A multimeter is a great tool to have around, and even the cheapest model will offer some useful features. I mainly use my multimeter to do two things: measure resistance and measure DC voltage.

The multimeter is usually split up into different types of measurements, thus divided into quadrants of a circle. Each quadrant is then subdivided into different ranges of a particular measurement.

Connect the red probe to the VΩmA connection the multimeter. Connect the black probe to the ground com connection of the multimeter.

To measure voltage, set the multimeter to a range found within the V DC quadrant. The value selected (200mV, 2000mV, 20V, 200V 1000V) represents the maximum voltage in DC that the multimeter can read if a particular range is selected.

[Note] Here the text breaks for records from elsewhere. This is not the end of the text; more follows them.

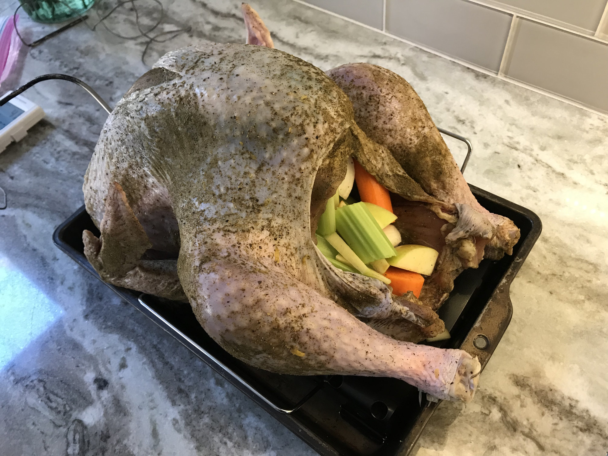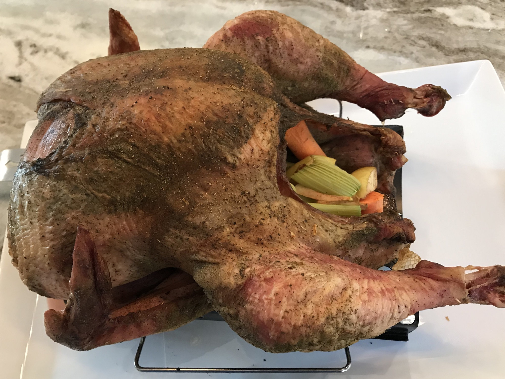 First was turkey leg stock roasted for the the gravy. Worth the the effort to puddle in Mrs. 500’s mashed taters. Then I ordered 12# organic from Whole Foods. Dry brined with kosher salt, lemon zest, and crushed rosemary, sage, thyme, and day leaves. Dry brined for 18 hours. Indirect at 350* with a handful of cherry and pecan. Smoke roasted for 2 hours 40 minutes. Rested for 20 minutes. Done this way there was very little drippings in the pan. First time dry brining. Will do again.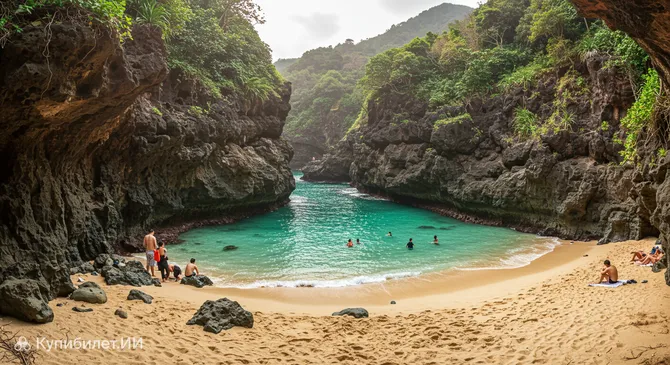 Одним из самых фотографируемых и притягательных мест является Секретное место Дунцин. Несмотря на название, эта локация уже давно стала популярной среди путешественников, но не утратила своего очарования. Это естественный бассейн, сформированный коралловыми рифами, который защищен от сильных океанских волн. Вода здесь кристально чистая и спокойная, что делает это место идеальным для безопасного купания и сноркелинга, а контраст темных скал и лазурной воды создает невероятный фон для фотографий.
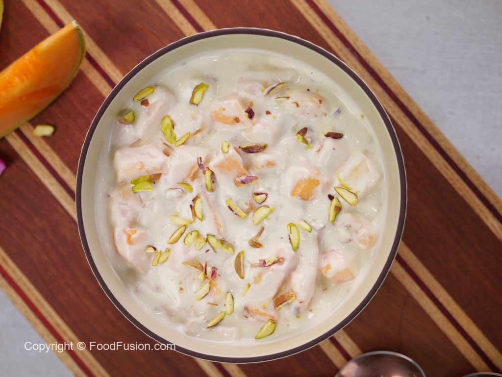 -Muskmelon ki tip ko cut karein aur seeds nikal ker cubes mein cut ker lein.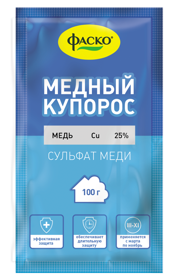 Plants need copper in small quantities as a microfertilizer, but mainly copper sulfate is used as an antiseptic and fungicide, protecting the flora from pathogens of many diseases. At the same time, vitriol also has phytoncidal properties, so it is undesirable to use it during the growing season. The best time for copper sulfate is early spring, at which time it is active against wintering forms of fungi. Like ferrous sulfate, it acts in contact, its excess is also easily washed off by rains. At the same time, unlike iron sulfate, copper sulfate almost does not form an indelible film, and therefore its use before the rain is rather meaningless.

For example, if we are measuring the voltage across the terminals of a 9V battery, then the suitable range is 20V, as 9V is above 2000mV but below 200V (the two ranges either side).

Connect the red probe the the positive point on the circuit that is to be measured. Connect the black probe to the negative point on the circuit is to measured.

In a similar way, we can measure the resistance of a resistor or a part of a circuit. Simply select a suitable range and measure by placing the probes to either leg of a resistor.

If you have no idea what value the resistor is, or that particular part of the circuit is, then start with the lowest range (200Ω) and work up from there.

If the multimeter reads just “1″ on the left hand side of the display, then the reading is above whatever range is selected. Simply move up to the next range, e.g. 2000Ω.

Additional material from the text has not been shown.